Items from a data source.
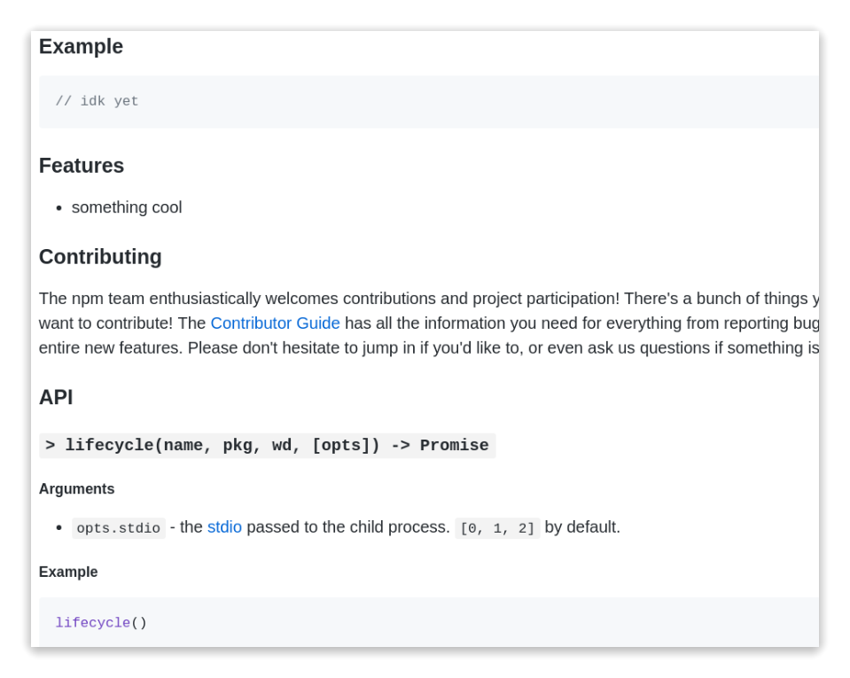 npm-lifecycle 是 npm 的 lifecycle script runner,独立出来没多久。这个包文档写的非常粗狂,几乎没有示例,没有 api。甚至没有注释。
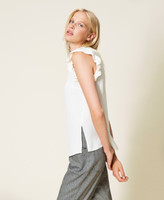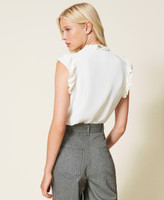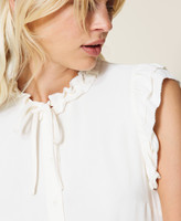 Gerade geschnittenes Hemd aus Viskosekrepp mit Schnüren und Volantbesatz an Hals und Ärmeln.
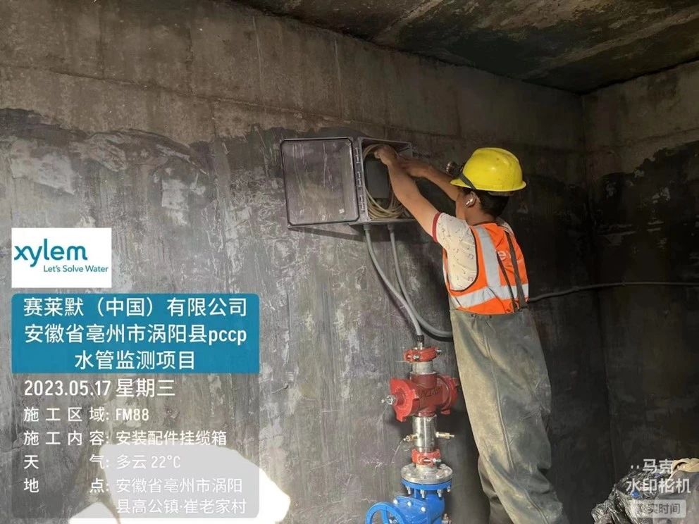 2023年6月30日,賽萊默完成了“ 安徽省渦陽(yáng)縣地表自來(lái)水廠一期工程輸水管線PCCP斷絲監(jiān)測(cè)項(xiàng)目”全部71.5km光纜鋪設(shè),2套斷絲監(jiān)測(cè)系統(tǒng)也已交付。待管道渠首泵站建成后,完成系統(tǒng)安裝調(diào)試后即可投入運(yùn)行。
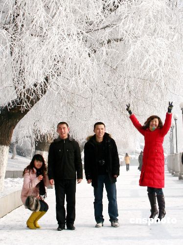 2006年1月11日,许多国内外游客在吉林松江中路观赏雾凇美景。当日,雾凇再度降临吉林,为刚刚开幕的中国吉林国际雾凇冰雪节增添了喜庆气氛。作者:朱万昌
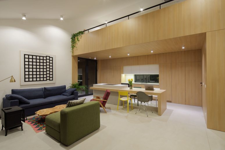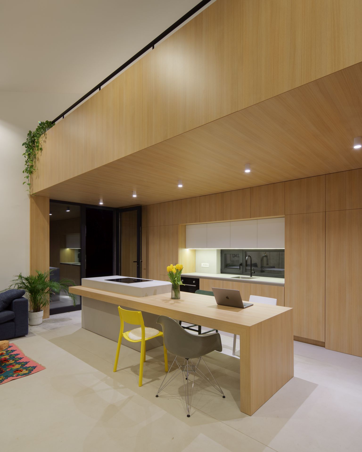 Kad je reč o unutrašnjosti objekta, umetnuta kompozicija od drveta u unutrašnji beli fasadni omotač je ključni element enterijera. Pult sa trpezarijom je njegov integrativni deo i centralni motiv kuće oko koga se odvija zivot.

Task details.
Could you reproduce the records above exactly, leaving out every picture?

Your solution.
 npm-lifecycle 是 npm 的 lifecycle script runner,独立出来没多久。这个包文档写的非常粗狂,几乎没有示例,没有 api。甚至没有注释。
 Gerade geschnittenes Hemd aus Viskosekrepp mit Schnüren und Volantbesatz an Hals und Ärmeln.
 2023年6月30日,賽萊默完成了“ 安徽省渦陽(yáng)縣地表自來(lái)水廠一期工程輸水管線PCCP斷絲監(jiān)測(cè)項(xiàng)目”全部71.5km光纜鋪設(shè),2套斷絲監(jiān)測(cè)系統(tǒng)也已交付。待管道渠首泵站建成后,完成系統(tǒng)安裝調(diào)試后即可投入運(yùn)行。
 2006年1月11日,许多国内外游客在吉林松江中路观赏雾凇美景。当日,雾凇再度降临吉林,为刚刚开幕的中国吉林国际雾凇冰雪节增添了喜庆气氛。作者:朱万昌
 Kad je reč o unutrašnjosti objekta, umetnuta kompozicija od drveta u unutrašnji beli fasadni omotač je ključni element enterijera. Pult sa trpezarijom je njegov integrativni deo i centralni motiv kuće oko koga se odvija zivot.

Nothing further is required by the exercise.